There was (is?) a firmware issue that caused the vehicle to attempt to speed
up, regardless of if the accelerator was pressed, or even if the brake was
pressed.

In my case, I had the brake fully depressed with around 100kg of force, and
the engine was revving to attempt to overcome the brake (VERY scary situation,
believe me!). The system only recovered when I bumped a taxi in front of me.

Now you may say I was pushing the accelerator. If I did that I would have hit
the car in front of me a lot faster than 5kph. If I was somehow pushing both
the accelerator and the brake, the computer system should ignore the
acceleration anyway (due to brake taking precedence).

But you don't have to take my word for it. Go read up on the Toyota firmware
issue, starting with link I put in the prior post.

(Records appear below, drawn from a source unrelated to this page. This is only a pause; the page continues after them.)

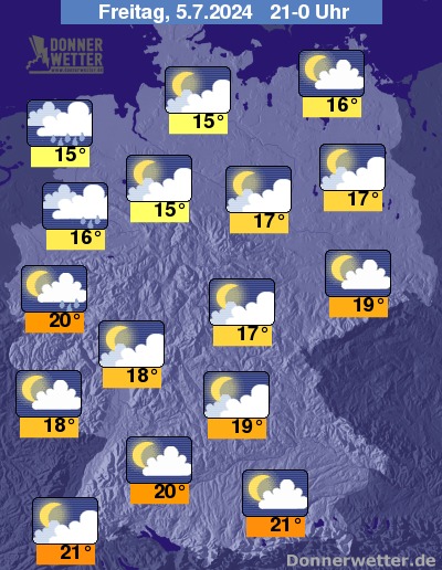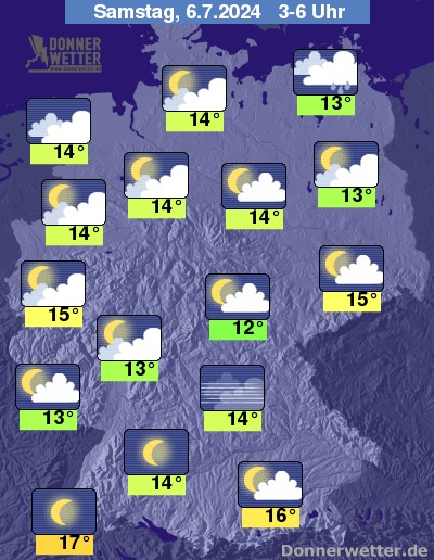 In der Nacht zum Samstag fällt im Norden bei starker Bewölkung gebietsweise schauerartiger Regen; in den übrigen Landesteilen ist es teils wolkig, teils gering bewölkt und es bleibt weitgehend trocken. In den südlichen Landesteilen ist es auch sternenklar.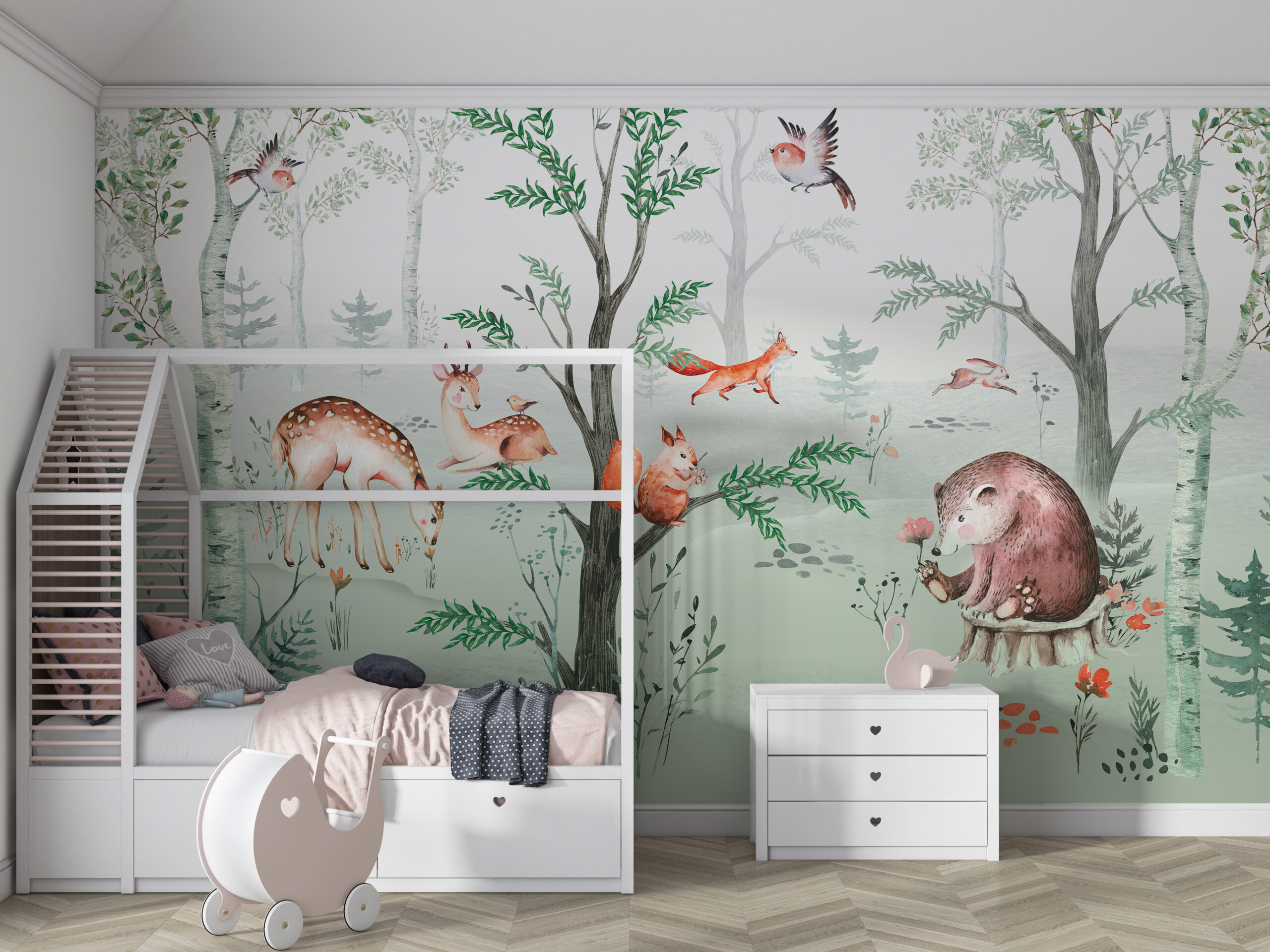 - Zwierzęta leśne przedstawione na fototapecie, takie jak jelenie, lisy, niedźwiedzie czy ptaki, dodają pomieszczeniu charakteru i uroku.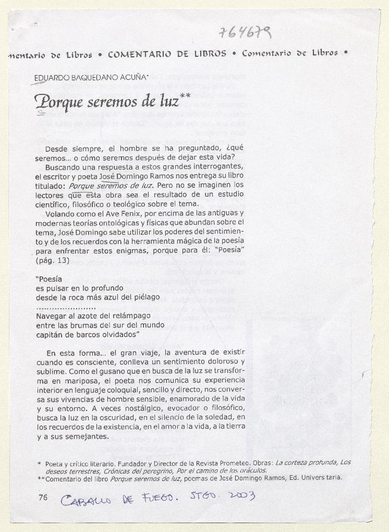 Porque seremos de luz [artículo] Eduardo Baquedano Acuña.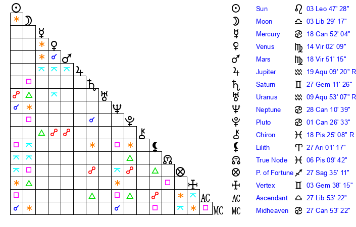 | Moon | 3 Libra 30 | 10 Virgo 48 | 24 Libra 40 |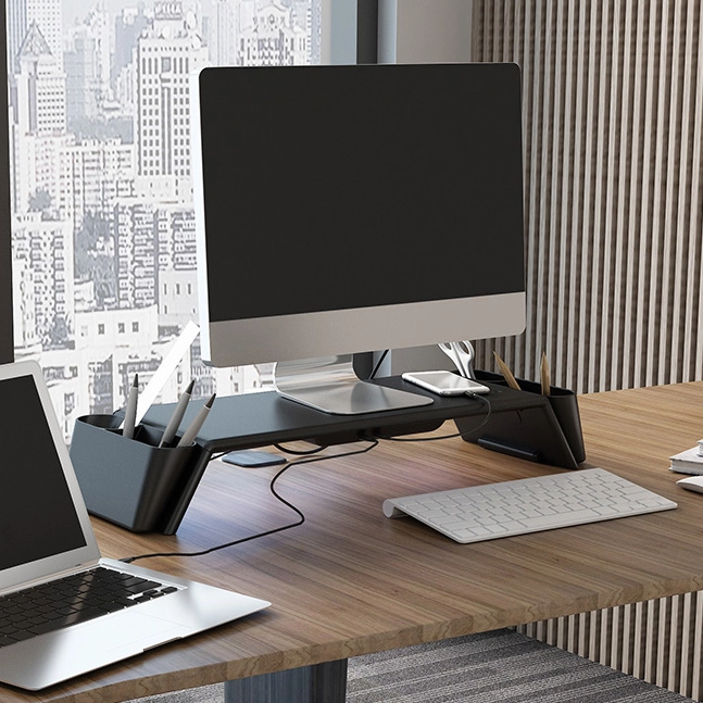 Uwolnij się od napięcia, bólów głowy lub zmęczenia oczu i szyi. Przekształć swoje tradycyjne biurko w ergonomiczne stanowisko pracy. Ta designerska stacja robocza podnosi monitor do komfortowego poziomu widzenia, eliminując niepotrzebne zmęczenie szyi i oczu. Zyskaj większy komfort pracy przy biurku i utrzymaj porządek - przechowuj niezbędne przybory biurowe w bocznych pojemnikach. Składana konstrukcja umożliwia łatwe przechowywanie i transport. Produkt nie wymaga montażu - kup i używaj.

EDIT: here's another article, summarizing the faults as determined by court:
[https://www.edn.com/design/automotive/4423428/Toyota-s-
kille...](https://www.edn.com/design/automotive/4423428/Toyota-s-killer-
firmware--Bad-design-and-its-consequences)

\- Toyota’s electronic throttle control system (ETCS) source code is of
unreasonable quality.

\- Toyota’s source code is defective and contains bugs, including bugs that
can cause unintended acceleration (UA).

\- Code-quality metrics predict presence of additional bugs.

\- Toyota’s fail safes are defective and inadequate (referring to them as a
“house of cards” safety architecture).

\- Misbehaviors of Toyota’s ETCS are a cause of UA.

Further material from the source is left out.